* Data extract:

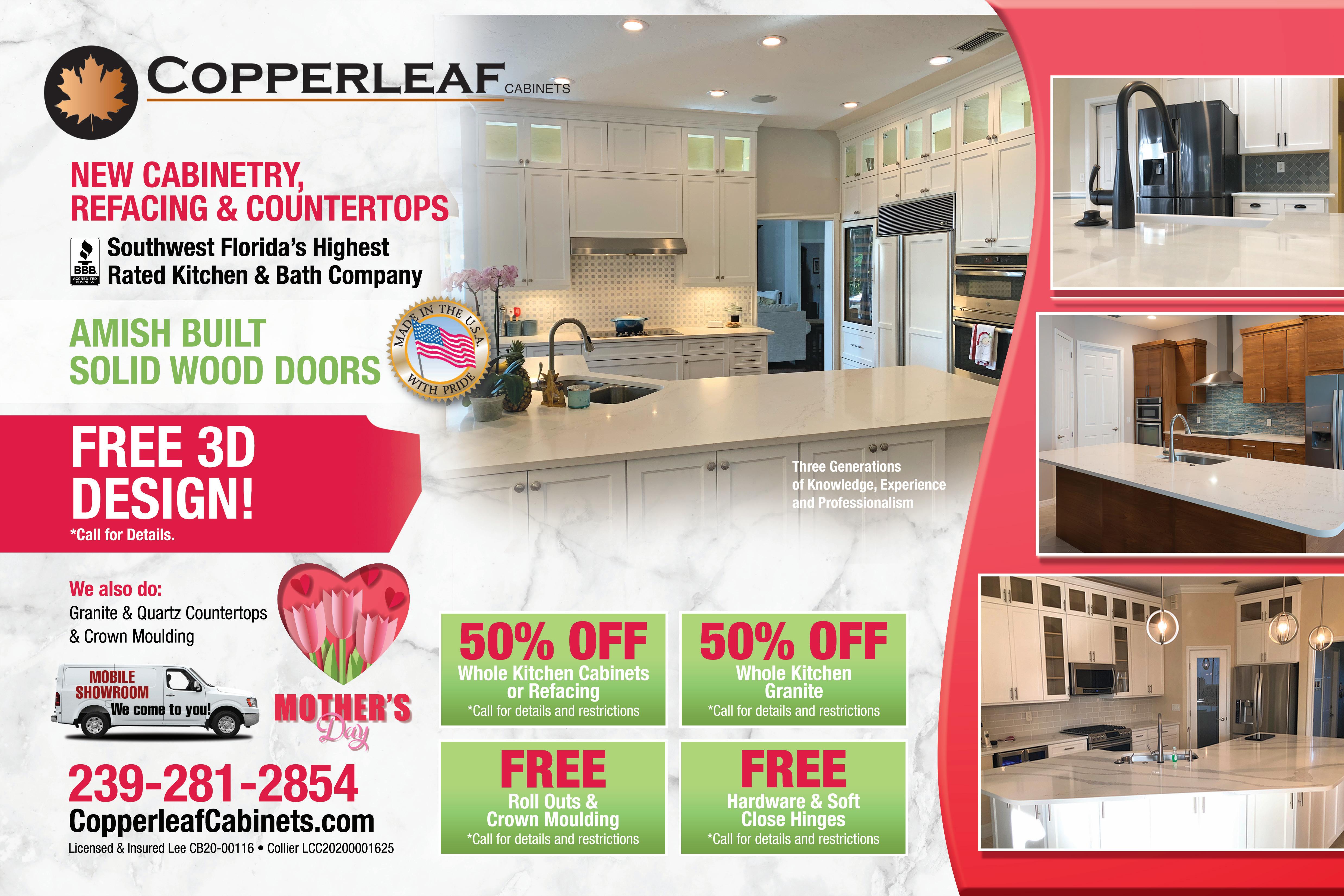W E ALS O D O : • Granite & Quar tz Counter tops • Crown Moulding Southwest Florida’s Highest Rated Kitchen & Bath Company CopperleafCabinets.com REFACING, NEW CABINETRY & COUNTERTOPS 10% OFFIn addition to any other discount Exp. 5/31/23 50% OFF NEW OR REFACED CABINETRY *Call for details and restric tions. Exp 5/31/23 tions. Exp 5/31/23 FREE Roll O uts & Crown Moulding / Hardware & S oft Close Hinges KITCHENS, BATHS &MORE KIT HENS, ATHS 50% OFF WHOLE KITCHEN GRANITE *Call for details and restric tions. Exp 5/31/23 AMISH BUILT SOLID WOOD DOORS Licensed & Insured Lee CB20-00116 • Collier LCC20200001625
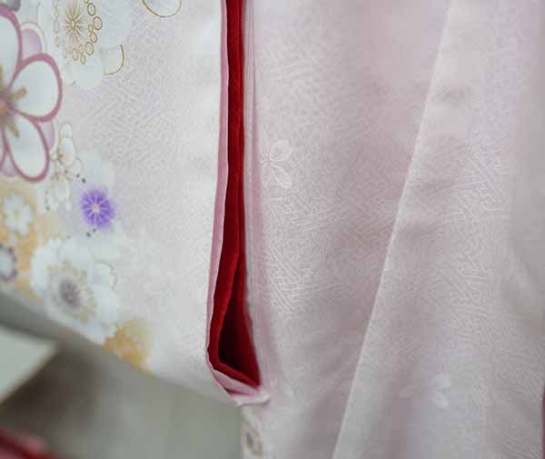 綺麗な地模様が施された美しい生地に金駒縫や鮮やかな染色を施した華やかな祝着です。
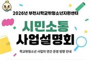 [경기뉴스원/경기뉴스1] | 부천시학교밖청소년지원센터는 오는 2월 25일, 오후 2시 학교밖청소년 전용공간 부.스.터. (송내어울마당 1층)에서 시민과의 소통을 확대하고 2026년 연간 운영계획을 공유하는 ‘사업설명회’를 개최한다고 밝혔다. 이번 시민 소통 사업설명회는 부천여성청소년재단(대표이사 이강인)이 운영하는 부천시학교밖청소년지원센터(센터장 백진현)가 학교밖청소년, 보호자, 유관기관, 지역시민과 함께 한 해의 운영 방향을 공유하는 자리이다. 특히 청소년이 자신의 삶과 진로를 스스로 기획해보는 시간으로 구성되며, 단순한 사업 안내를 넘어 청소년의 주도적 성장과 참여 중심의 운영 문화를 만들어가는 계기가 될 예정이다. 올해부터 학교밖청소년지원센터는 프로그램 모집·운영 방법을 개편하여 봄학기·여름학기 각 10주 과정의 ‘학기제 운영’으로 전환한다. 이에 따라 교육, 내일지원(자립), 문화활동, 정서지원, 복지 등 전 분야 사업이 체계적으로 구성되며, 청소년이 자신의 목표에 맞춰 단계적으로 참여할 수 있도록 설계됐다. 설명회에서는 ▲검정고시 및 기초학습 등 교육지원 ▲자격 취득 및 기술훈련 중심의 내일지원 ▲동
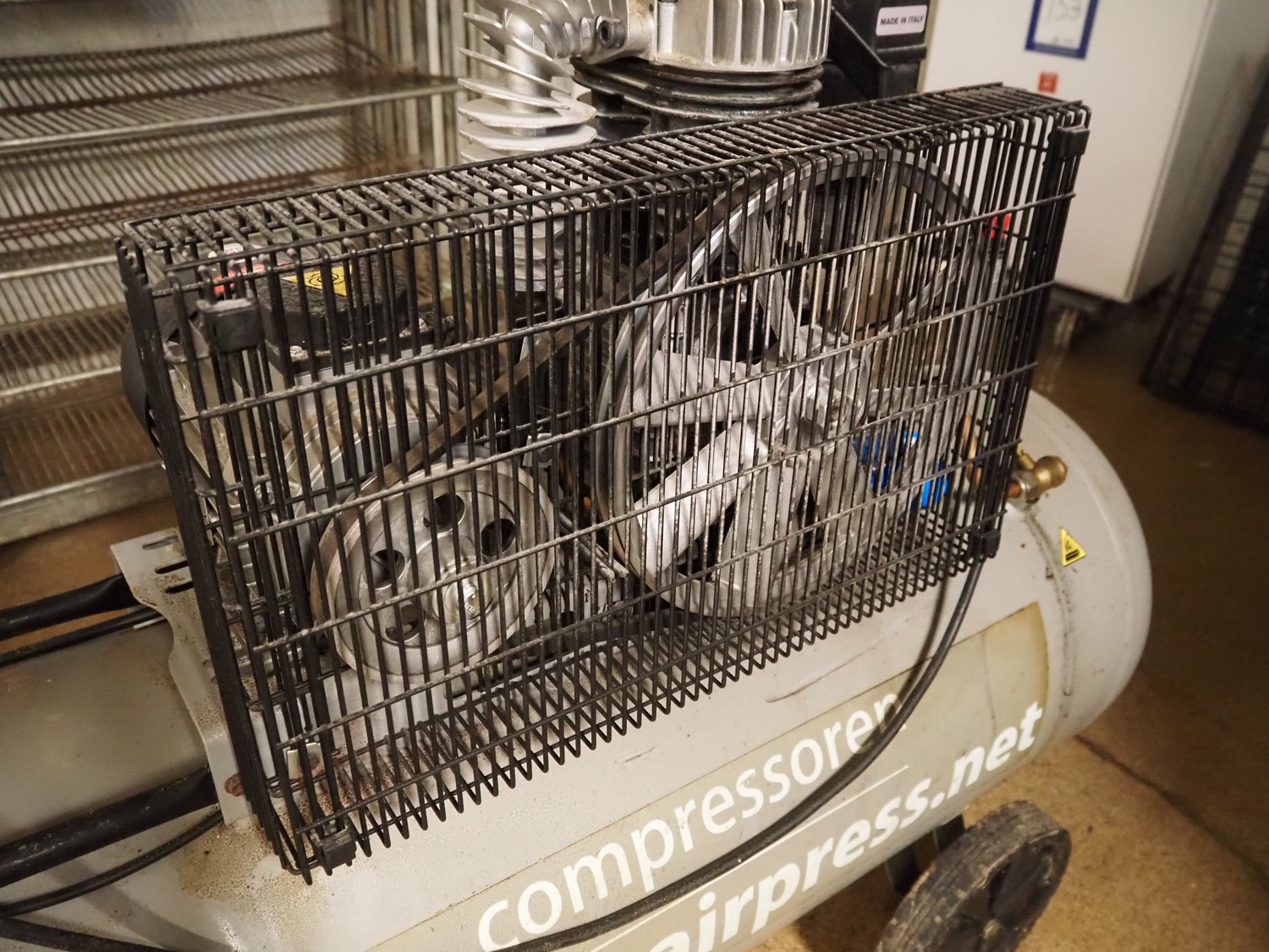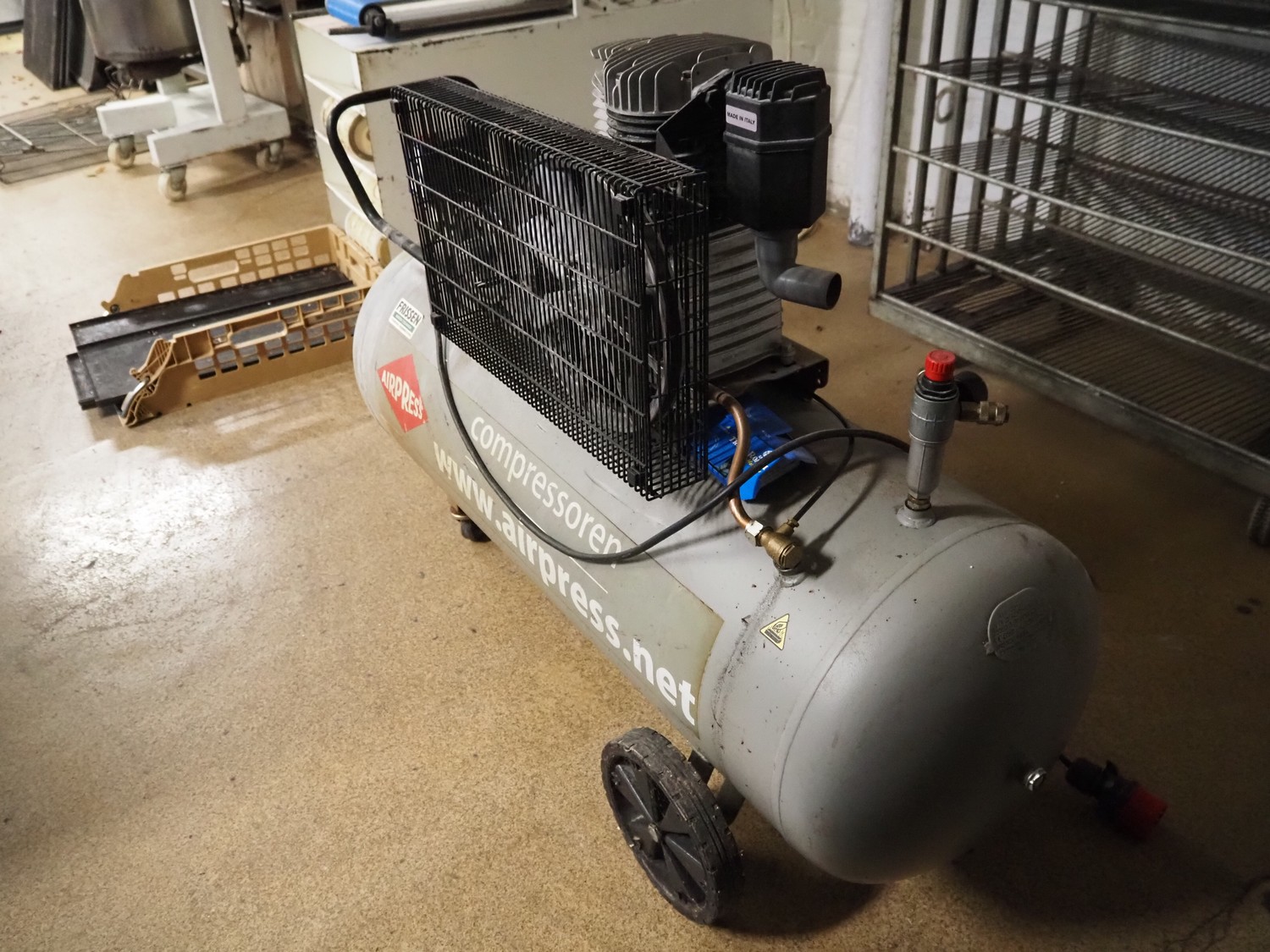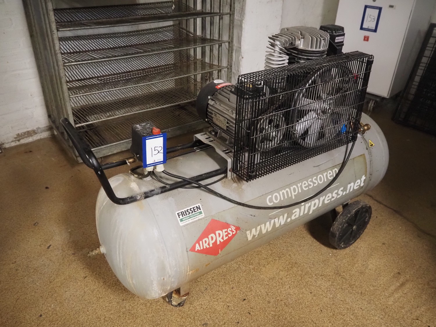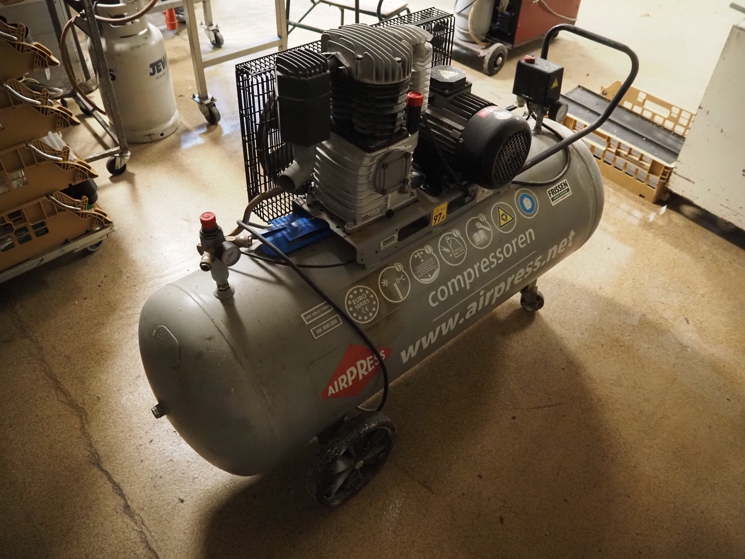 Airpress mobile air compressor, volume: 200 liter, dimensions: 1350 mm x 450 mm x 1000 mm.

* Task goal: Reproduce the material exactly; keep pictures out.

* Written reply:
W E ALS O D O : • Granite & Quar tz Counter tops • Crown Moulding Southwest Florida’s Highest Rated Kitchen & Bath Company CopperleafCabinets.com REFACING, NEW CABINETRY & COUNTERTOPS 10% OFFIn addition to any other discount Exp. 5/31/23 50% OFF NEW OR REFACED CABINETRY *Call for details and restric tions. Exp 5/31/23 tions. Exp 5/31/23 FREE Roll O uts & Crown Moulding / Hardware & S oft Close Hinges KITCHENS, BATHS &MORE KIT HENS, ATHS 50% OFF WHOLE KITCHEN GRANITE *Call for details and restric tions. Exp 5/31/23 AMISH BUILT SOLID WOOD DOORS Licensed & Insured Lee CB20-00116 • Collier LCC20200001625
 綺麗な地模様が施された美しい生地に金駒縫や鮮やかな染色を施した華やかな祝着です。
 [경기뉴스원/경기뉴스1] | 부천시학교밖청소년지원센터는 오는 2월 25일, 오후 2시 학교밖청소년 전용공간 부.스.터. (송내어울마당 1층)에서 시민과의 소통을 확대하고 2026년 연간 운영계획을 공유하는 ‘사업설명회’를 개최한다고 밝혔다. 이번 시민 소통 사업설명회는 부천여성청소년재단(대표이사 이강인)이 운영하는 부천시학교밖청소년지원센터(센터장 백진현)가 학교밖청소년, 보호자, 유관기관, 지역시민과 함께 한 해의 운영 방향을 공유하는 자리이다. 특히 청소년이 자신의 삶과 진로를 스스로 기획해보는 시간으로 구성되며, 단순한 사업 안내를 넘어 청소년의 주도적 성장과 참여 중심의 운영 문화를 만들어가는 계기가 될 예정이다. 올해부터 학교밖청소년지원센터는 프로그램 모집·운영 방법을 개편하여 봄학기·여름학기 각 10주 과정의 ‘학기제 운영’으로 전환한다. 이에 따라 교육, 내일지원(자립), 문화활동, 정서지원, 복지 등 전 분야 사업이 체계적으로 구성되며, 청소년이 자신의 목표에 맞춰 단계적으로 참여할 수 있도록 설계됐다. 설명회에서는 ▲검정고시 및 기초학습 등 교육지원 ▲자격 취득 및 기술훈련 중심의 내일지원 ▲동
 Airpress mobile air compressor, volume: 200 liter, dimensions: 1350 mm x 450 mm x 1000 mm.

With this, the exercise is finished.